Д.Шеваров. О Ирине Стин и Анатолии Фирсове
Ирина Игоревна Стин и ее муж, Анатолий Васильевич Фирсов, вошли в историю отечественной культуры как выдающиеся мастера.
Все полвека совместной жизни они провели в поездках по России. В 1960-е годы Ирина и Анатолий первыми из фотографов открыли людям красоту русского Севера: Поморье, Соловки, Валаам. Не случайно они так крепко дружили с Юрием Казаковым, автором "Северного дневника" и гениальных рассказов.

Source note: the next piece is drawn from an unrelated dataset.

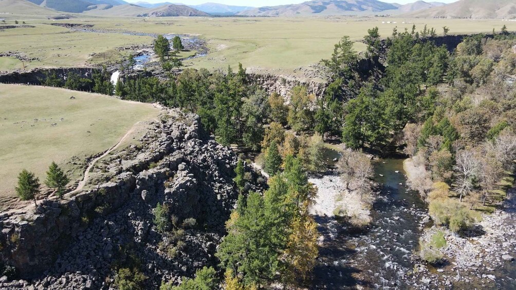 Drive to Orkhon Waterfall, formed 20,000 years ago. Visit Tuvkhun Monastery, built for meditation and art, located atop Shireet Ulaan Mountain. Relax in hot spring.
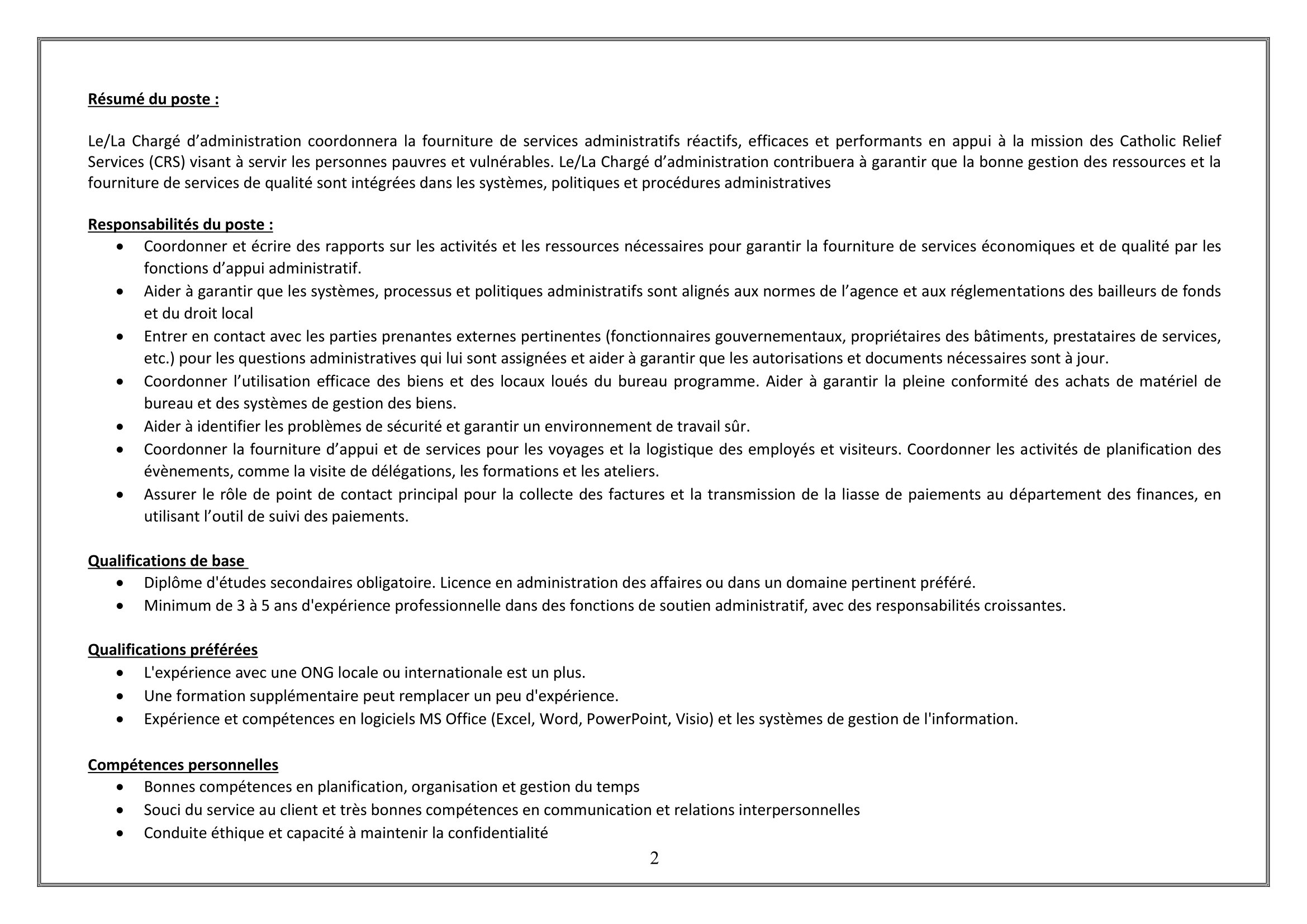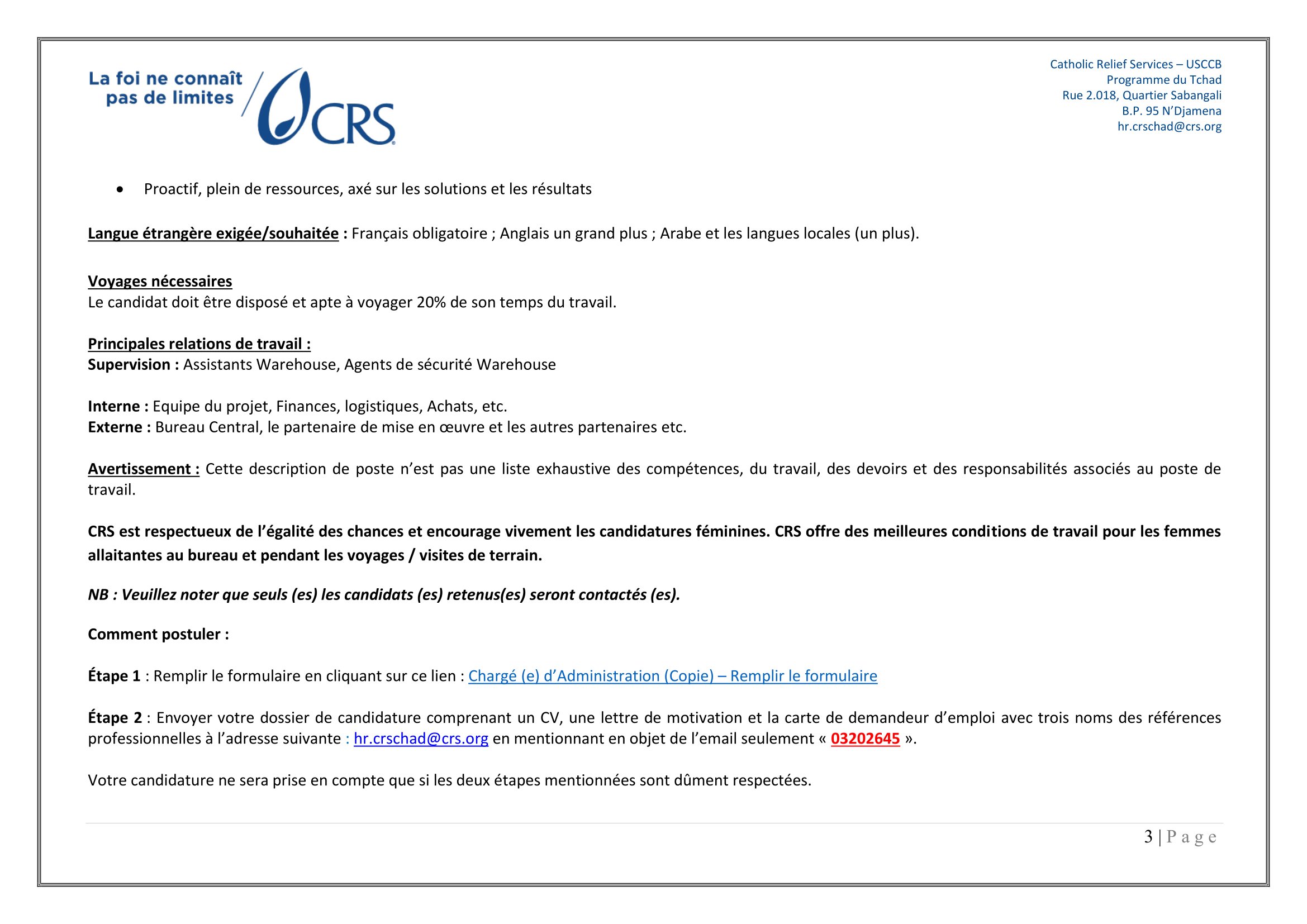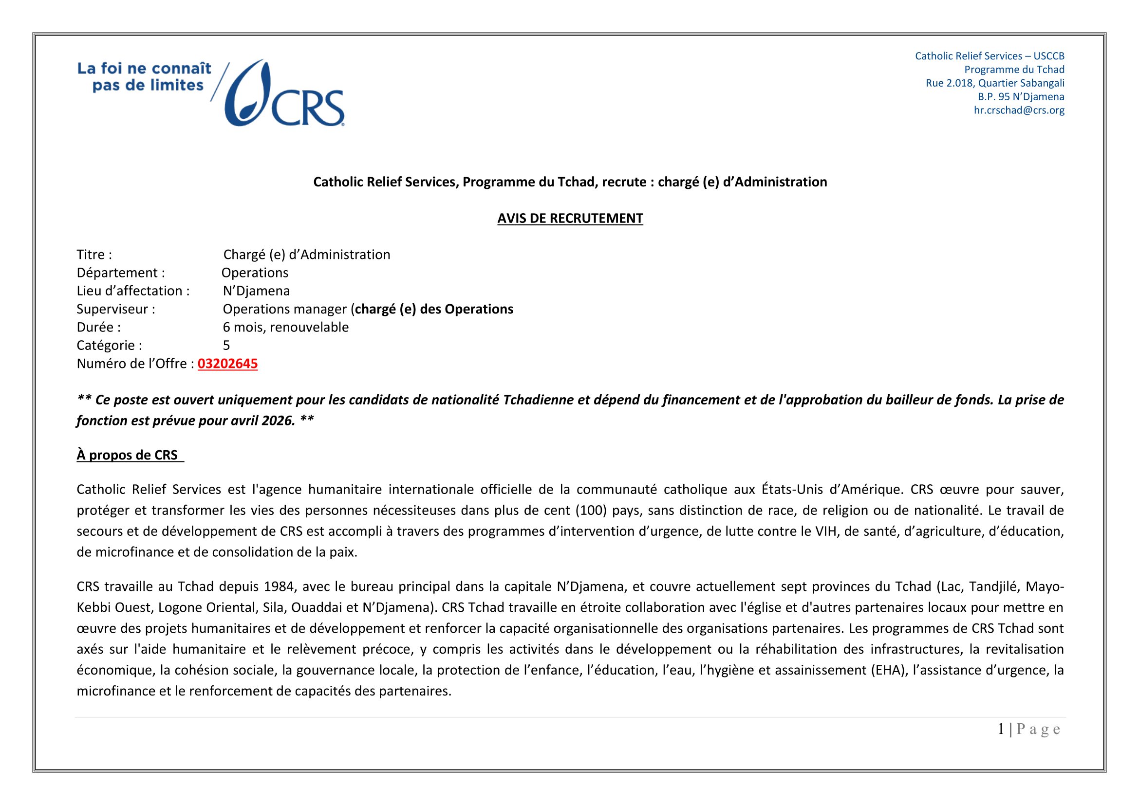 Accueil » Opportunités » Afrique » Tchad » Catholic Relief Services recherche un(e) Chargé(e) d’Administration à N’Djamena, Tchad

С детства и до конца жизни у Ирины Стин было безупречное и острое, до болезненности, чувство русского слова. Помню, в самом начале нашего знакомства я рассматривал старинные снимки на стене и сказал "это было при царе" или что-то подобное. Ирина Игоревна тут же протестующе меня поправила:
– Вы что, Дима? Какой "царь"? Царь в сказках. А у нас – Государь! В нашей семье никогда не говорили "царь", а только – Государь!
Ирина Стин была последним осколком нескольких дворянских и казачьих родов, не уехавших после революции в эмиграцию и почти поголовно истребленных. С юности ее жизнь была сплошным преодолением тяжелых обстоятельств. Только вера и стержневые устои, заложенные бабушками, помогли почти до восьмидесяти лет нести крест тяжелой болезни, развившейся еще в подростковом возрасте. После случившейся несколько лет назад автокатастрофы Ирина Игоревна и вовсе оказалась прикована к постели. Но жизнь не только не замерла вокруг нее, но закрутилась с какой-то новой силой. Ее постоянной потребностью стало – дарить. Она была пасхальным человеком – жертвенным и радостным одновременно.
Ей очень важно было рассказать о людях дореволюционной России, среди которых она росла. Ее рассказы напоминали притчи, в которых ни убавить ни прибавить. Вот одна из них, рассказанная мне в канун последней Пасхи в её жизни.
"... Приблизительно 1947 год. Папа сидит на Лубянке. Одновременно с ним сгребли нашу близкую, замечательнейшую приятельницу, художницу Катю, и инженера знакомого. На них испробовали всё: и голод, и побои, и бессонницу, и карцер. Вскоре инженера и художницу Катю выпустили. Мы не верили своим глазам, так были счастливы.
Катя жила в глубоком подвале на улице Каляевской. Она была намного старше меня; я ее по имени называю потому, что тетями и дядями было принято называть только действительно тех, с кем в родстве состоишь, а так называли или по имени, или по имени-отчеству. По-настоящему Катя была баронесса, звали ее Екатерина Альбертовна Хомзе, она была родом из Кяхты.
Катя мне Библию рассказывала и читала стихи. Исполняла оперные партии – от "Евгения Онегина" до "Кольца Нибелунгов". И я тонула в блаженстве, мне не надо было никакого Большого театра, куда нельзя было попасть – ни по нашим деньгам, ни по нашей одежде. И поэтому Катя была для меня всё: и театр, и учитель, и философ.
Если я к ней приходила, то обычно и ночевала у нее. Вечером Катя доставала такой серенький носовой платочек, а в нем - кусочки сахара. Всю неделю она от себя выкраивала, откладывала мне, девочке-подростку. В результате в платочке могло быть до десяти таких вот кусочков, крошечных. Мне хотелось плакать, когда я их видела... Я никогда их не забуду. Потому что большей жертвы в тех условиях просто нельзя себе представить. На Страшном суде, если можно будет, я эти кусочки сахара подложу Кате.
Вот вам и Пасха моя..."
Дмитрий Шеваров («Российская газета» - Неделя № 5462 за 2011 г.)